■ **TASK PROMPT**
Nothing should appear in the answer except the lines below from the line containing "サーフィンをする人々が見えました。・・・波がなくて残念ですね。" through the line containing "600 PLUS High", copied exactly, with pictures left out.

■ **RAW DATA**
**********

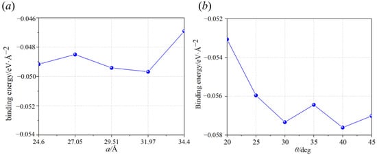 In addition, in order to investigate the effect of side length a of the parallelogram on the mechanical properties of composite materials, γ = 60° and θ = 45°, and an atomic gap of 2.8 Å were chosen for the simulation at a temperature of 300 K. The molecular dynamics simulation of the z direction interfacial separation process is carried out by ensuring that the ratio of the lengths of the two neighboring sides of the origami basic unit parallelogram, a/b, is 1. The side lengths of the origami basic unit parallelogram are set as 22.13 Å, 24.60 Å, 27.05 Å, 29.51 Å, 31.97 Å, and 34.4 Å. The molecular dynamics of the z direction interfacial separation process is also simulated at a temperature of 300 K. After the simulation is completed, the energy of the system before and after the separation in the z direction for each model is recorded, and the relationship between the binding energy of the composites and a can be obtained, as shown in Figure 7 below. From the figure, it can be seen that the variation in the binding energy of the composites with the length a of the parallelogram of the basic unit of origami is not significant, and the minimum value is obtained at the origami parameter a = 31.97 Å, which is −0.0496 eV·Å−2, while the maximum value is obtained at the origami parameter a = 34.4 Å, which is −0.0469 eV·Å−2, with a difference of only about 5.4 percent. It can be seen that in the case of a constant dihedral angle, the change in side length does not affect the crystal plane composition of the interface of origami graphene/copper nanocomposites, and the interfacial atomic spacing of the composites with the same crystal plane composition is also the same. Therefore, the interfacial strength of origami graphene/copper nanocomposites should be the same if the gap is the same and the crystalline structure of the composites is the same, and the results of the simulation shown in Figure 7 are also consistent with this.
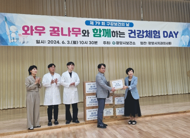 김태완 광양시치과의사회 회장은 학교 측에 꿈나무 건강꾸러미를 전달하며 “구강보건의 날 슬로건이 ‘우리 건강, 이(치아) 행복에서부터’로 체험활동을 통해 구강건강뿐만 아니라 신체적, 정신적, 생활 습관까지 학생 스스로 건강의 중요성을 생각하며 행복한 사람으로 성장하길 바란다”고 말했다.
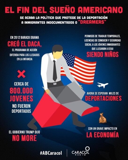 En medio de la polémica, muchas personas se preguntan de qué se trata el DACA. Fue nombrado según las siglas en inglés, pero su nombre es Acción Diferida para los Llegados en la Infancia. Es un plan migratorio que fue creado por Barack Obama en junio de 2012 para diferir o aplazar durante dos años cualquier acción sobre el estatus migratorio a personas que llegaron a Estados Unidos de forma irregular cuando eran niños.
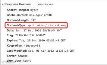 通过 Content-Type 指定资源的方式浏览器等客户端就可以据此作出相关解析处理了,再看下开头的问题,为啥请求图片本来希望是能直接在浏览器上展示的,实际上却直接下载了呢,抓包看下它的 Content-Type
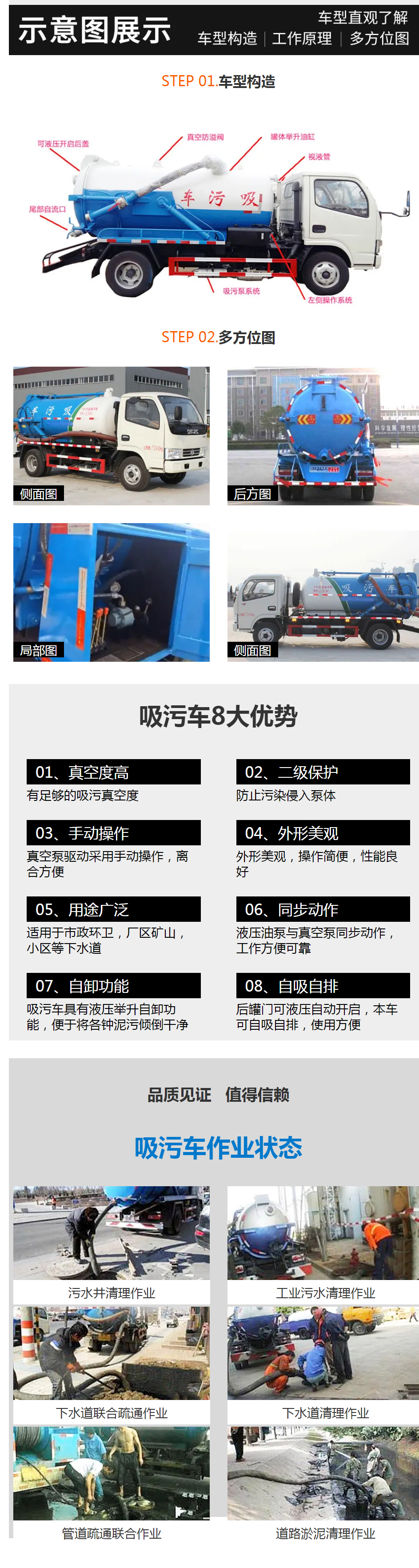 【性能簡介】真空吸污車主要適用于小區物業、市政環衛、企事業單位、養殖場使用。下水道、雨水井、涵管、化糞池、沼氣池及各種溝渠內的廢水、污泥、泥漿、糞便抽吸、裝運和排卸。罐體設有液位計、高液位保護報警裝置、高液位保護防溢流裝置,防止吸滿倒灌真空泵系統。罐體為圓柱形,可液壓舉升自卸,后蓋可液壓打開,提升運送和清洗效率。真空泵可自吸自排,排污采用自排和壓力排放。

**********

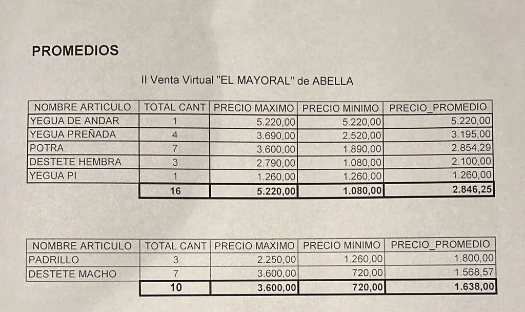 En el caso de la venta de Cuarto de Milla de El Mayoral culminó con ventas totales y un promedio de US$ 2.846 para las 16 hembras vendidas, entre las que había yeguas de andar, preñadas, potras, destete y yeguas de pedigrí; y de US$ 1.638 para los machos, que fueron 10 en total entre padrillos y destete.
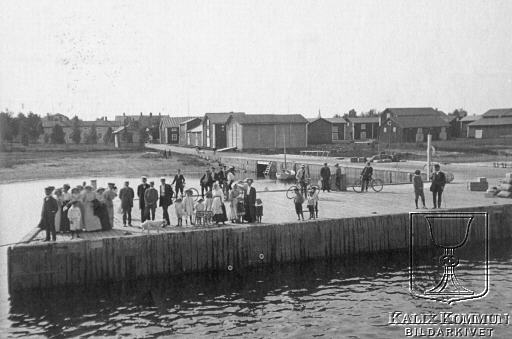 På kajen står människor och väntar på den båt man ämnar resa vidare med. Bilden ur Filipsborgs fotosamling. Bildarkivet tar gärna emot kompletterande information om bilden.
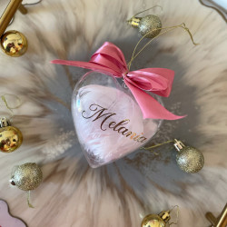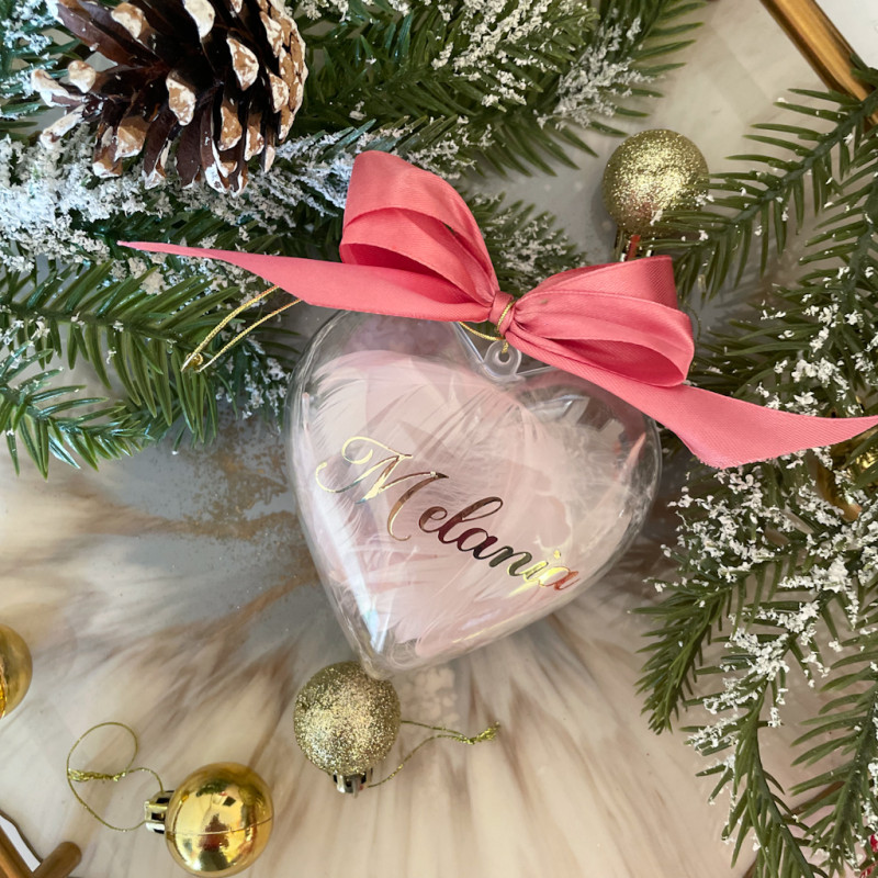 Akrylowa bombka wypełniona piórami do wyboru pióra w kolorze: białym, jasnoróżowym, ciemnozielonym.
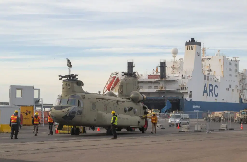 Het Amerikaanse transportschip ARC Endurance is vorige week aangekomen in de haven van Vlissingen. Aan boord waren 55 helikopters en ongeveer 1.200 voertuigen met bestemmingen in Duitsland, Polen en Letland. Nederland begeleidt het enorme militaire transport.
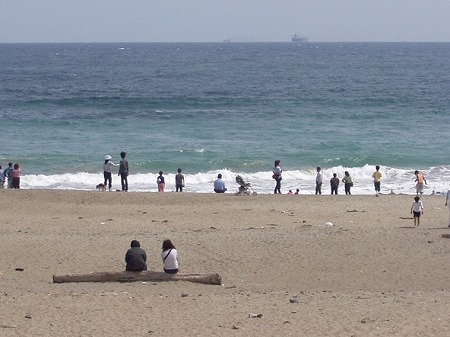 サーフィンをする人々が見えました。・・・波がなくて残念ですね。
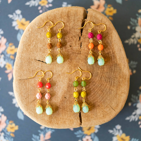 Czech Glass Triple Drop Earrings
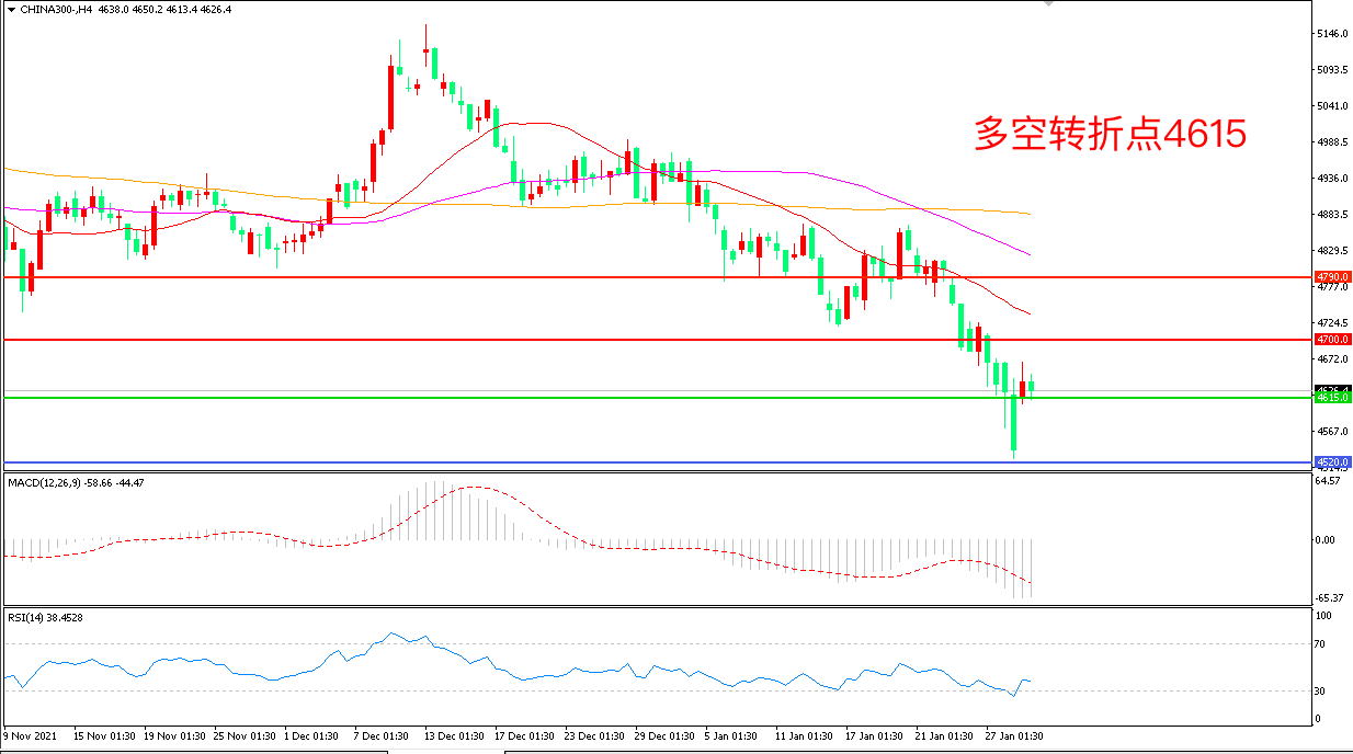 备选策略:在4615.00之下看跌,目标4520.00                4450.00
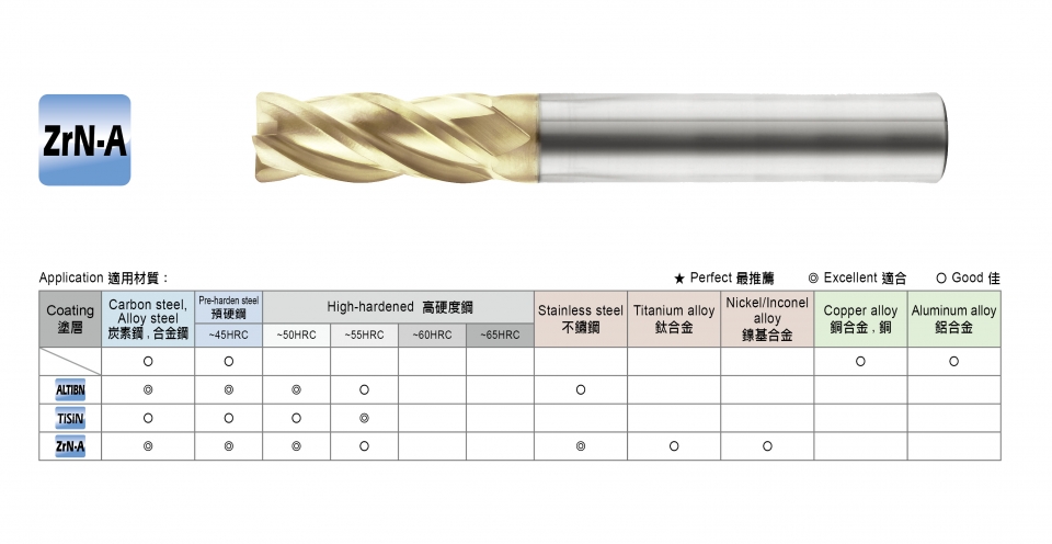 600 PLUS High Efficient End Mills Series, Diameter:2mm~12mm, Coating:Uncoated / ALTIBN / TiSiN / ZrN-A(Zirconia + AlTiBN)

**********

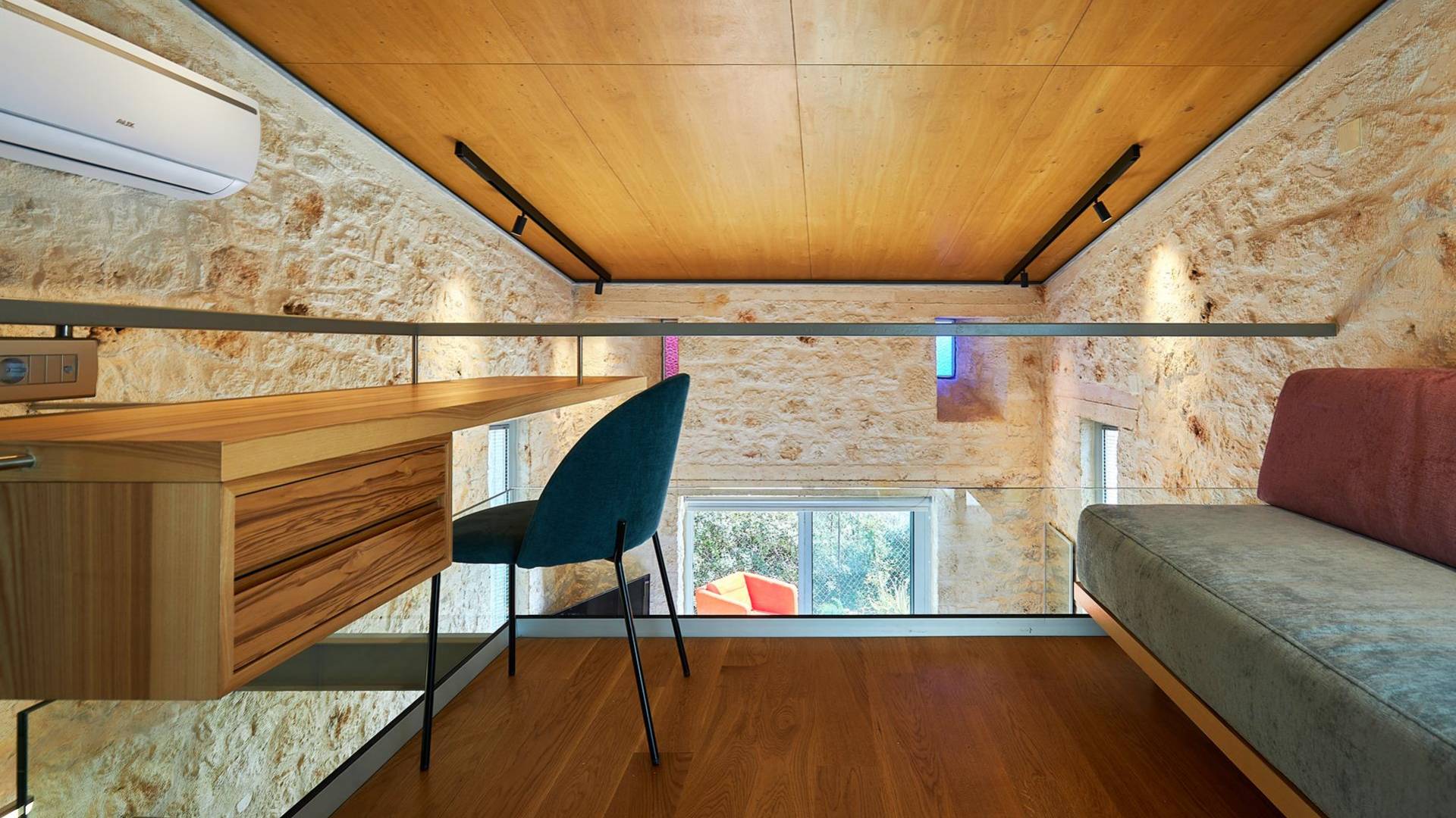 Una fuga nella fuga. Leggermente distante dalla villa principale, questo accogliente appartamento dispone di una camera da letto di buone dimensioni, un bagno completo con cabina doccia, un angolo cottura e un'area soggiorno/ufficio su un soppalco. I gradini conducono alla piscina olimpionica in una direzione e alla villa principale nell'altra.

**********

■ **RESULT OF THE TASK**
 サーフィンをする人々が見えました。・・・波がなくて残念ですね。
 Czech Glass Triple Drop Earrings
 备选策略:在4615.00之下看跌,目标4520.00                4450.00
 600 PLUS High Efficient End Mills Series, Diameter:2mm~12mm, Coating:Uncoated / ALTIBN / TiSiN / ZrN-A(Zirconia + AlTiBN)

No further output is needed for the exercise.